Digital privacy is a myth in India. The Data Protection Bill was first conceptualised in 2017. It took more than two years for it to finally reach the Lok Sabha. It still hasn’t been implemented. Even the new law has one thing in common with the previous ones — it’s vague and serves the government, not the people.

Read Also: Why the Data Protection Bill will make India an Orwellian state

It’s an open fact that India’s legislature has a huge influence over the executive. We’re taught in basic civics that the two branches are supposed to work for the people, independently. Unfortunately, the two work for each other. What’s the solution? You bring in the third branch of democracy, the judiciary.

India needs a FISA-like law

  • FISA stands for Foreign Intelligence Surveillance Act, a legislation enacted in the United States of America. It requires the government to obtain permission from a judge on the Foreign Intelligence Surveillance Court (FISC) to surveil communications on domestic soil for national security reasons.
  • The FISC judges are appointed by the Chief Justice of the Supreme Court. It approves wiretaps, data collection, and government requests regarding monitoring suspected terrorists and spies.
  • If a law enforcement authority (in US’ case FBI) wants to spy on domestic soil, it’ll have to produce probable cause and prove the target is a danger to national integrity. The court will decide whether the enforcement agency has enough substance to proceed with a wiretap.
  • A similar setup in India can eliminate the abuse of power. While FISA only deals with high-level cases involving terrorism, India can follow the same pattern and expand the scope of jurisdiction to criminals. A safeguard can ensure the executive branch doesn’t overstep and abuse its abilities.
  • This will be very similar to India’s newly found bankruptcy court NCLT (National Companies Law Tribunal). The court has been quite helpful in dealing with resolution processes of bankrupt companies and the country has massively benefited due to the liquidation intervention.

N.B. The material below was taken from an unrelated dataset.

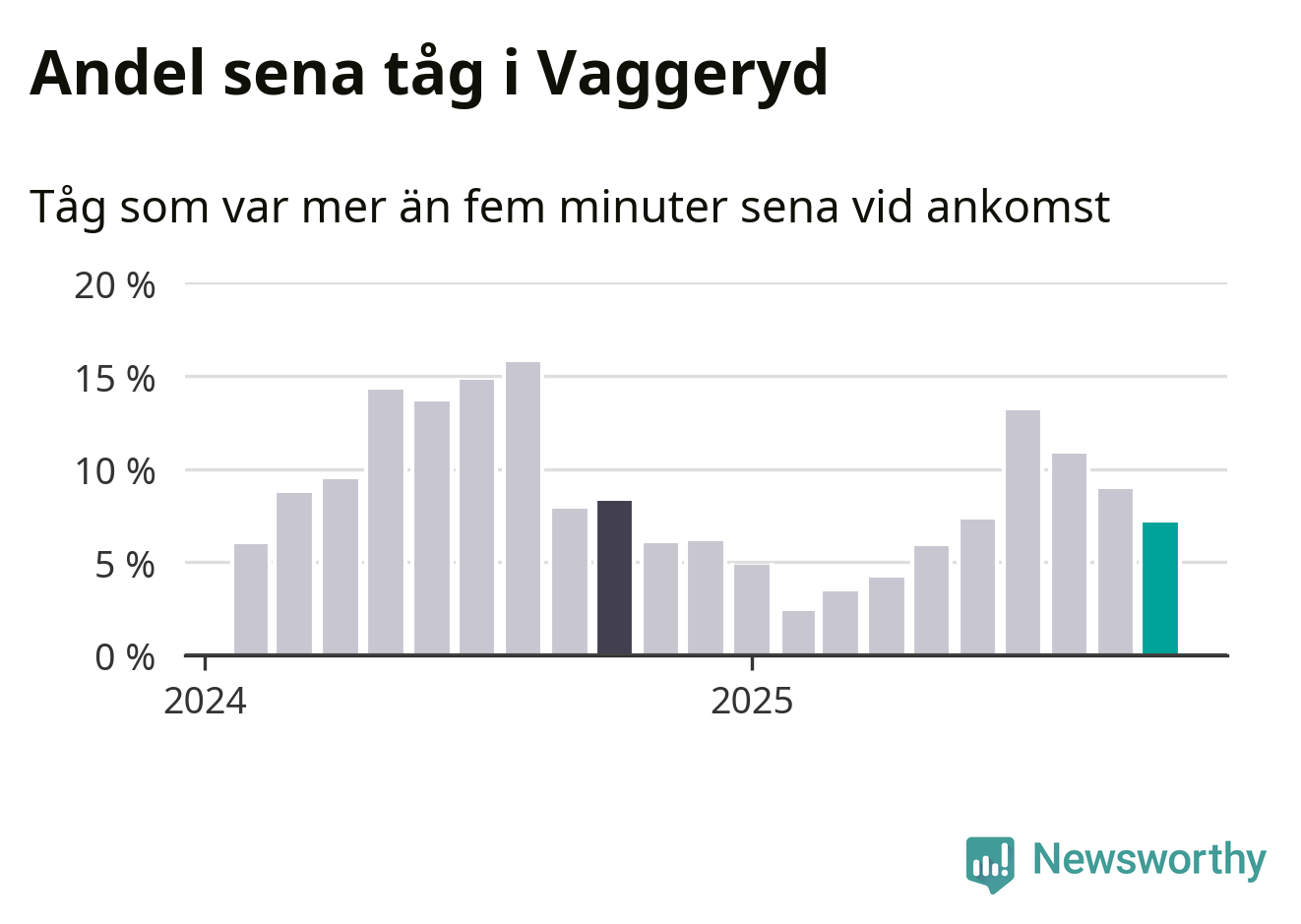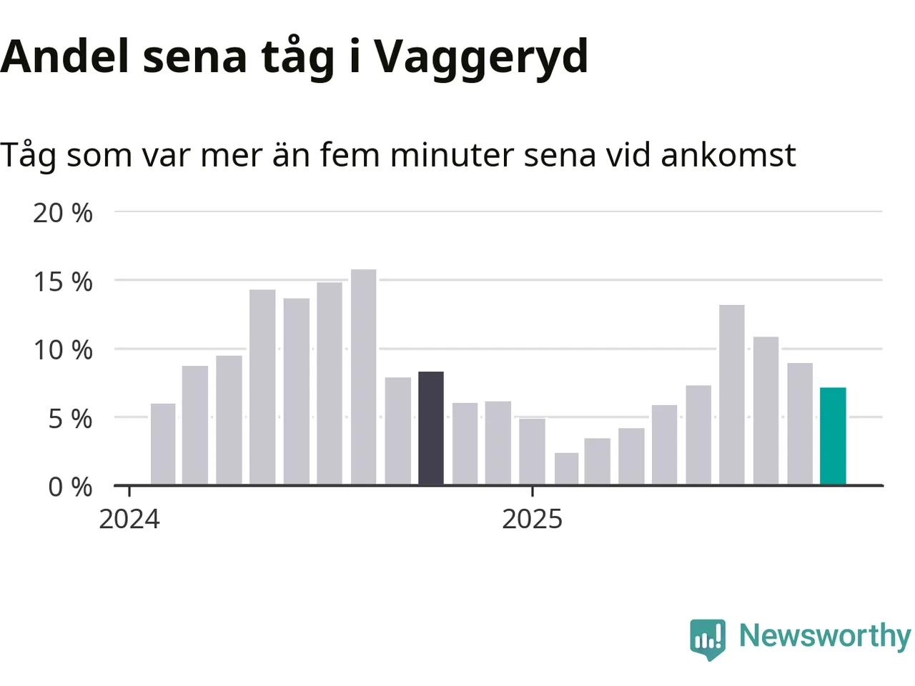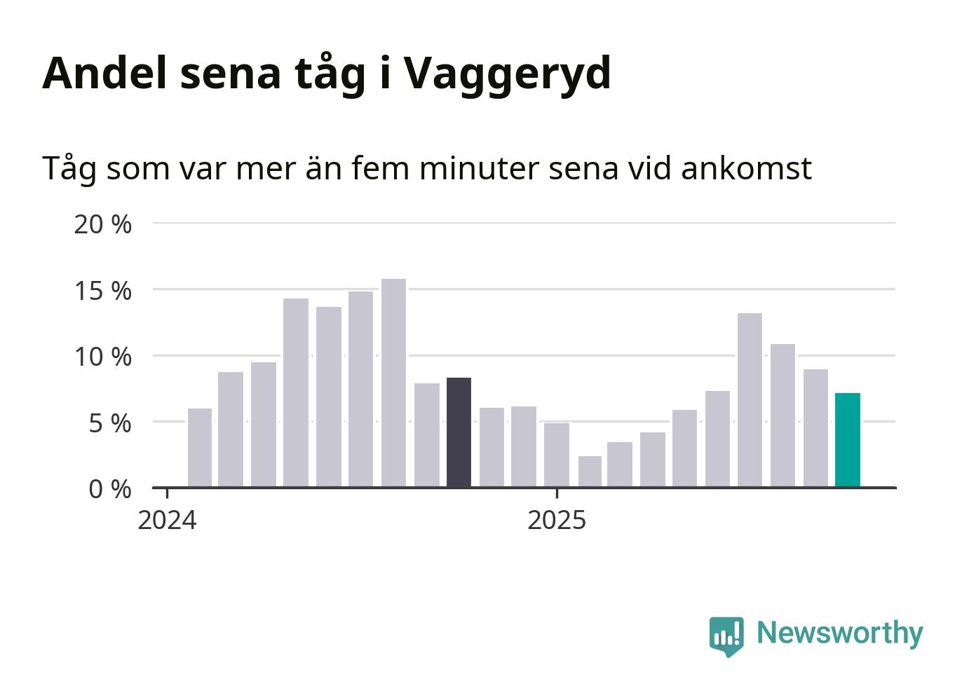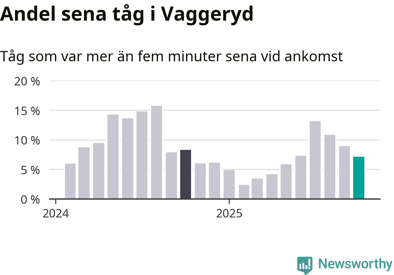 Sju procent kan jämföras med nio procent månaden innan, och åtta procent i oktober 2024. Oktober är den tredje månaden i rad med minskande förseningar i Vaggeryd. Siffrorna bygger på realtidsinformation om tågavgångar och ankomster från Trafikverket, som Newsworthy löpande samlar in.

India’s soon to be enacted Data Protection Bill is a disappointment. Even today, our lawmakers are adamant on sticking to draconian values that don’t necessarily solve the problem. Again and again, cases have to be plead and taken to the High Court or the Supreme Court for a precedent. What’s the use of making a new law if you’re constantly going to depend on precedents to pave the path forward?

As far as the Government of India is concerned, it’s clear they have no intention of going down the aristocratic path. Snooping on hundreds of millions of people, simply because they’re insecure about their seats. The same spying, when used correctly, could’ve helped us prevent massive attacks like 26/11. But alas, where’s the personal gain in that?